— DATA SECTION —
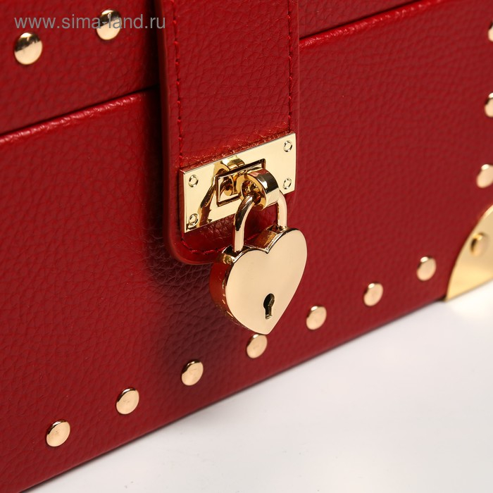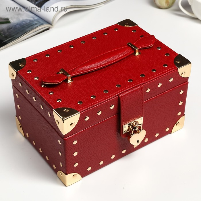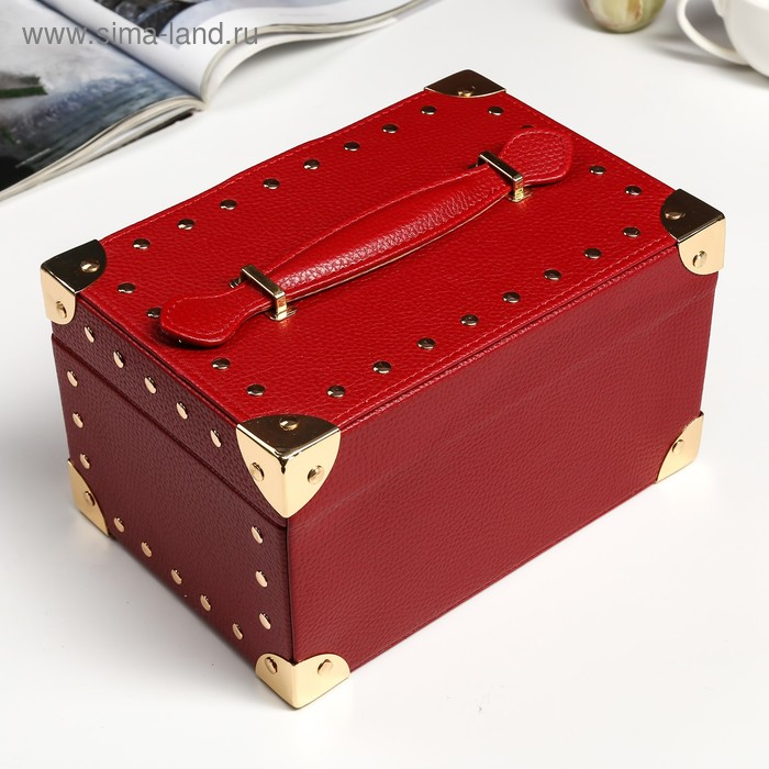 Шкатулка кожзам для украшений "Бордовая матовая с заклёпками" 12,5х22х15,5 см
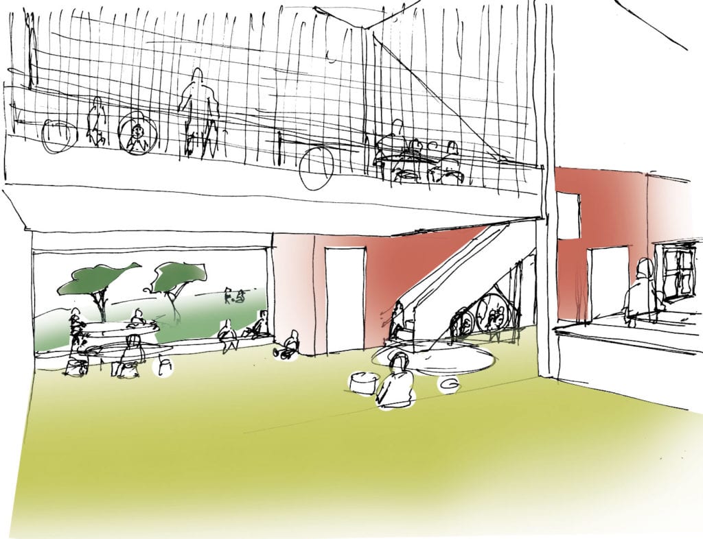 Oprindeligt var planen at opføre en særskilt bygning til daginstitution som kunne tilføre de manglende m2. Men efter workshops og dialogmøder foreslog CASA at skitsere en samlet løsning, som dels sikrede en renovering af den eksisterende daginstitution og dels en langt større sammenhængskraft mellem grupper, værksteder, sanse- og legerum.
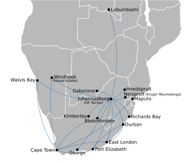 В январе 2010 года авиакомпания South African Express выполняла регулярные пассажирские рейсы по следующим пунктам назначения:
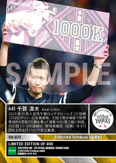 公式【千賀滉大】通算1000奪三振達成(パ・リーグ史上最速)(20.11.4) のカードを買うならエポックワン!税込・送料無料!
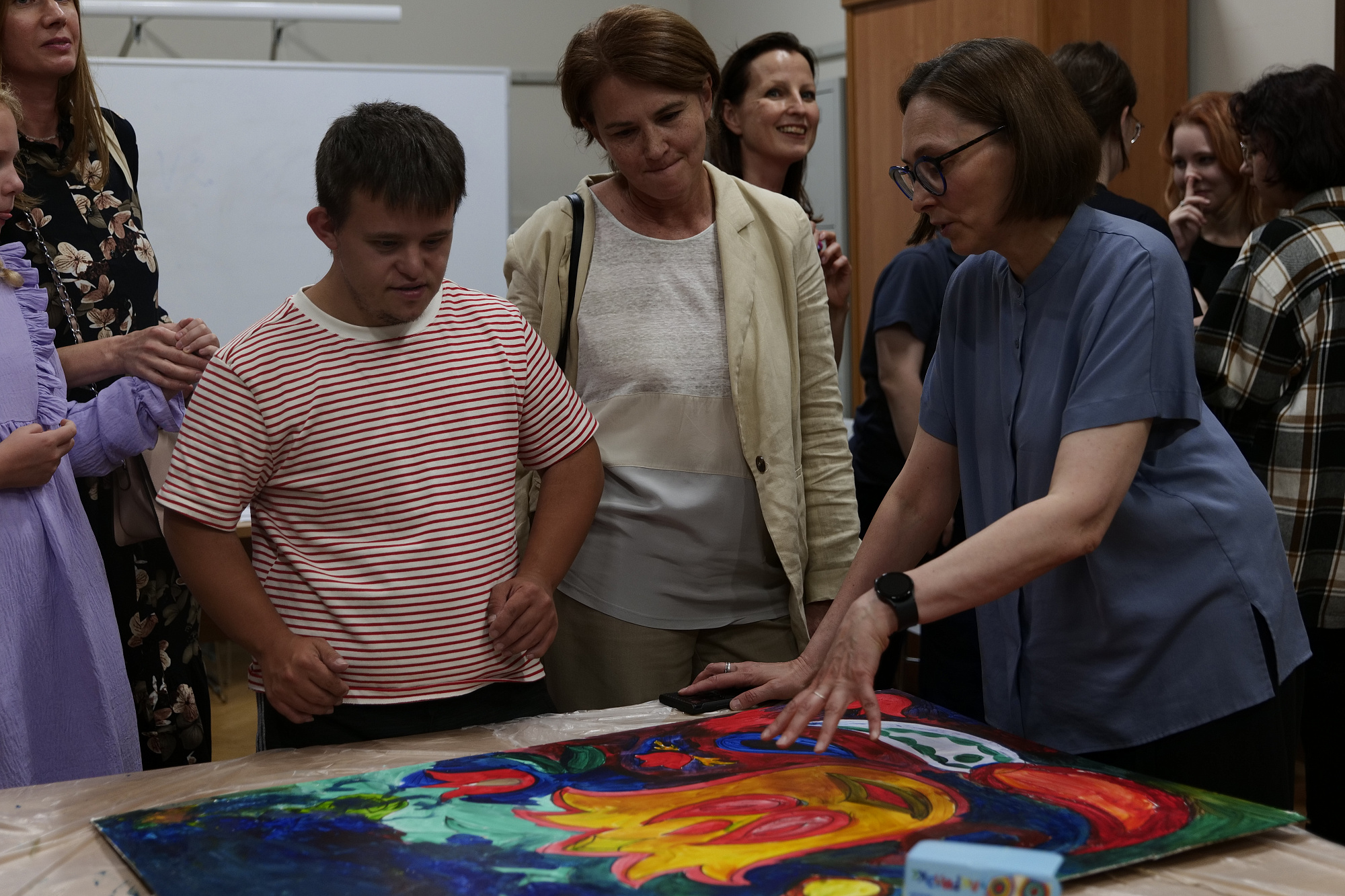 Директор училища Ольга Александровна рассказала историю создания студии и результаты работы. Во время торжественной части учащиеся АРТ-студии под руководством студентов-тьюторов создавали живописные работы.
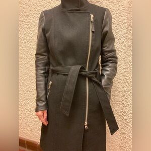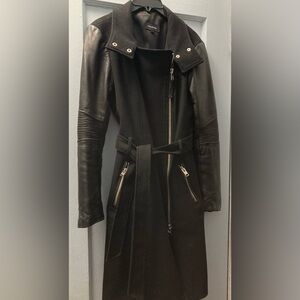 Women's Size Medium Mackage gorgeous black wool / leather coat in excellent condition
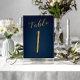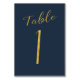 Faux gold foil formal calligraphy script wedding reception table card. The navy blue background colour is editable. You can change it after selecting CUSTOMIZE FURTHER button.

— YOUR INSTRUCTIONS —
Having located the line with "Директор училища Ольга", copy it exactly along with every later line through the end of the listing above, but omit the pictures.

— SOLUTION TO THIS EXERCISE —
 Директор училища Ольга Александровна рассказала историю создания студии и результаты работы. Во время торжественной части учащиеся АРТ-студии под руководством студентов-тьюторов создавали живописные работы.
 Women's Size Medium Mackage gorgeous black wool / leather coat in excellent condition
 Faux gold foil formal calligraphy script wedding reception table card. The navy blue background colour is editable. You can change it after selecting CUSTOMIZE FURTHER button.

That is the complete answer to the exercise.